From the data below, repeat everything exactly except the images.

BEGIN Dataset extract

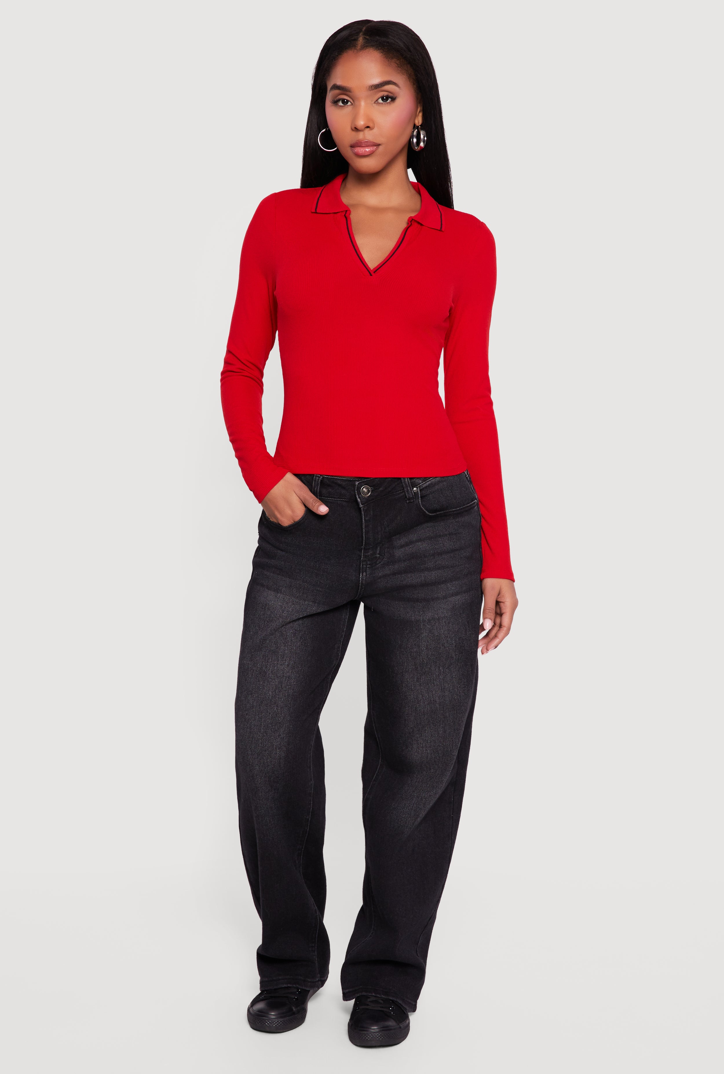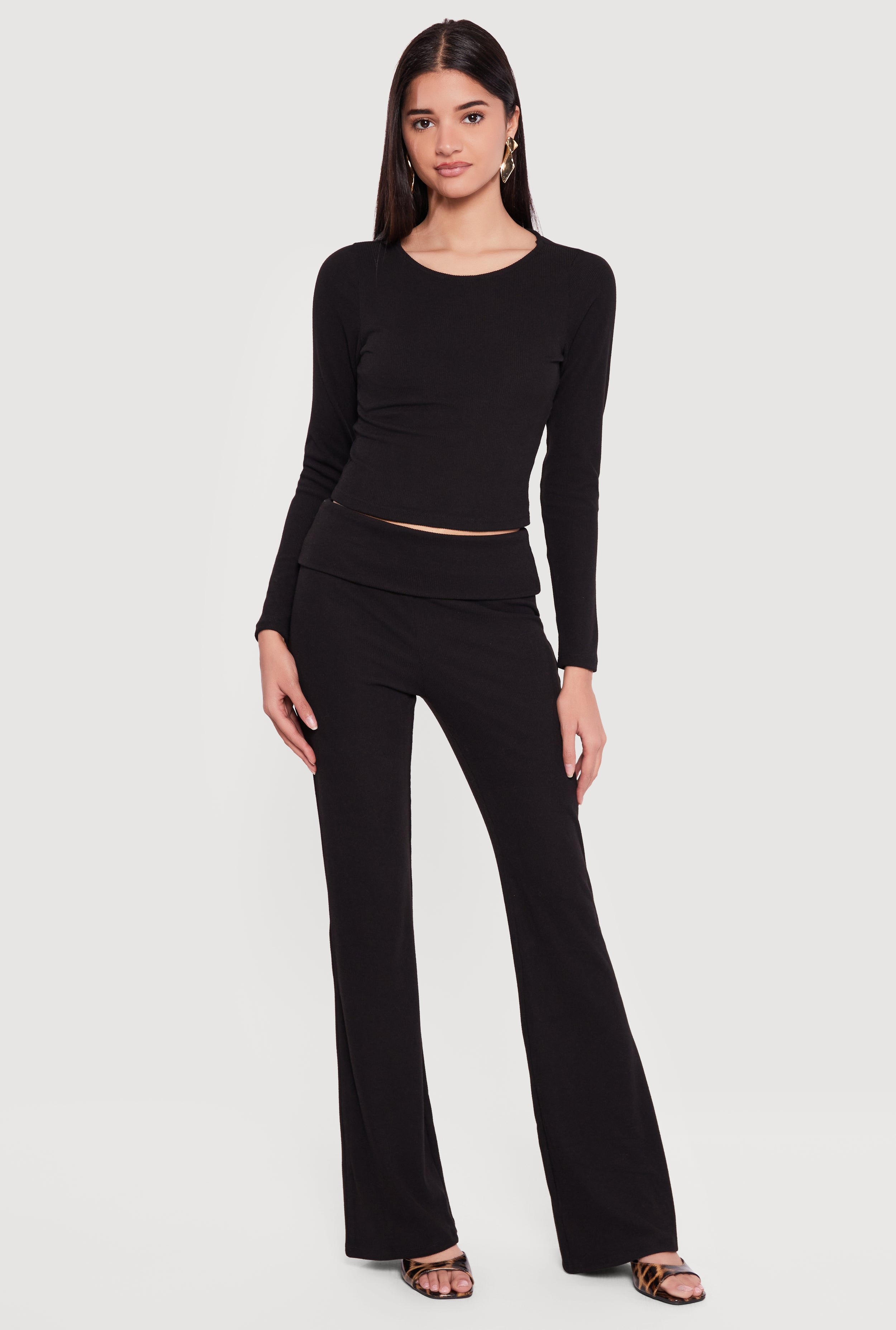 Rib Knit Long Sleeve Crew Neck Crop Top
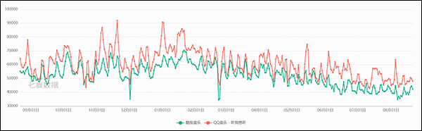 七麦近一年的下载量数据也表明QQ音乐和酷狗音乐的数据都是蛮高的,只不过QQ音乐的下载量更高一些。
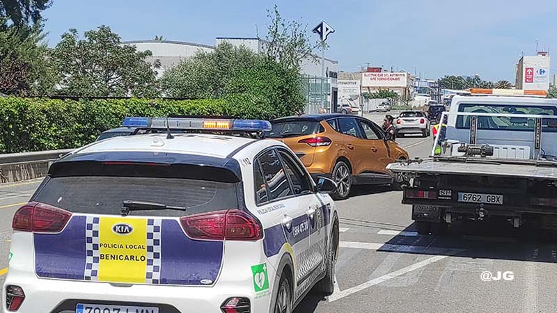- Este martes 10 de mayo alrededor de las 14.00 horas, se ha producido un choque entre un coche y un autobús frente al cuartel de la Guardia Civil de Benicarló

END Dataset extract

» **Output of the task**:
 Rib Knit Long Sleeve Crew Neck Crop Top
 七麦近一年的下载量数据也表明QQ音乐和酷狗音乐的数据都是蛮高的,只不过QQ音乐的下载量更高一些。
- Este martes 10 de mayo alrededor de las 14.00 horas, se ha producido un choque entre un coche y un autobús frente al cuartel de la Guardia Civil de Benicarló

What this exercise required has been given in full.